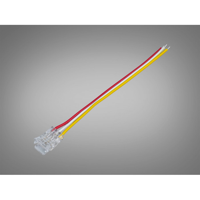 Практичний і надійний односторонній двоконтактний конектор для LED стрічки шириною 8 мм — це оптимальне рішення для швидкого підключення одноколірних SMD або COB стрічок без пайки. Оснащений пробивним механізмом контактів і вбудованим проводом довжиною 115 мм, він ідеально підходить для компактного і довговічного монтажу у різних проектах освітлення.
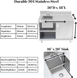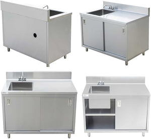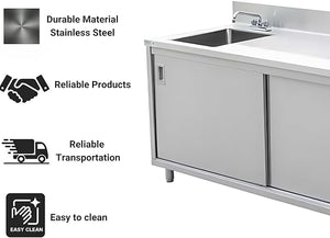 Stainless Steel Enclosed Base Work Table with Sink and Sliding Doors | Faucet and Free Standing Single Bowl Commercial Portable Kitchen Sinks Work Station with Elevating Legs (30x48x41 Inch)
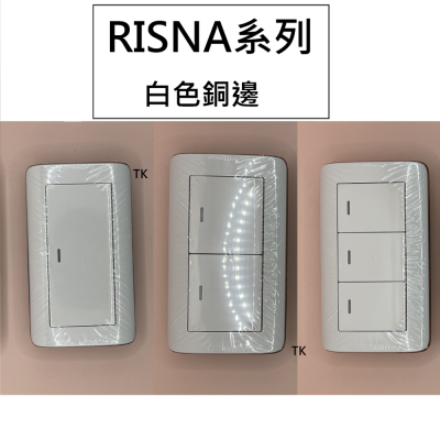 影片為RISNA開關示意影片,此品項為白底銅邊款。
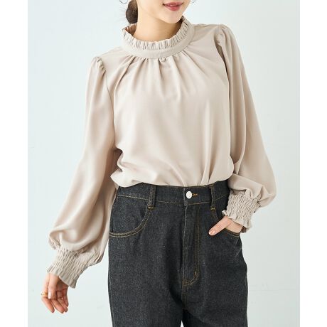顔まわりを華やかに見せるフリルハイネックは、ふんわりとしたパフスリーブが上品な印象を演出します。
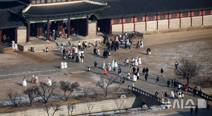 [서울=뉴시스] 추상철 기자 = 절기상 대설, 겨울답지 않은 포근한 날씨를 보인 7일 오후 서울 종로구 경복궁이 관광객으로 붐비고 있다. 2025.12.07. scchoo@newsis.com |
----------------------------------------
Problem description: Pictures aside, set down the lines from the one containing "Stainless Steel Enclosed" through the end of the records above, exactly and only those.

Problem solution:
 Stainless Steel Enclosed Base Work Table with Sink and Sliding Doors | Faucet and Free Standing Single Bowl Commercial Portable Kitchen Sinks Work Station with Elevating Legs (30x48x41 Inch)
 影片為RISNA開關示意影片,此品項為白底銅邊款。
顔まわりを華やかに見せるフリルハイネックは、ふんわりとしたパフスリーブが上品な印象を演出します。
 [서울=뉴시스] 추상철 기자 = 절기상 대설, 겨울답지 않은 포근한 날씨를 보인 7일 오후 서울 종로구 경복궁이 관광객으로 붐비고 있다. 2025.12.07. scchoo@newsis.com |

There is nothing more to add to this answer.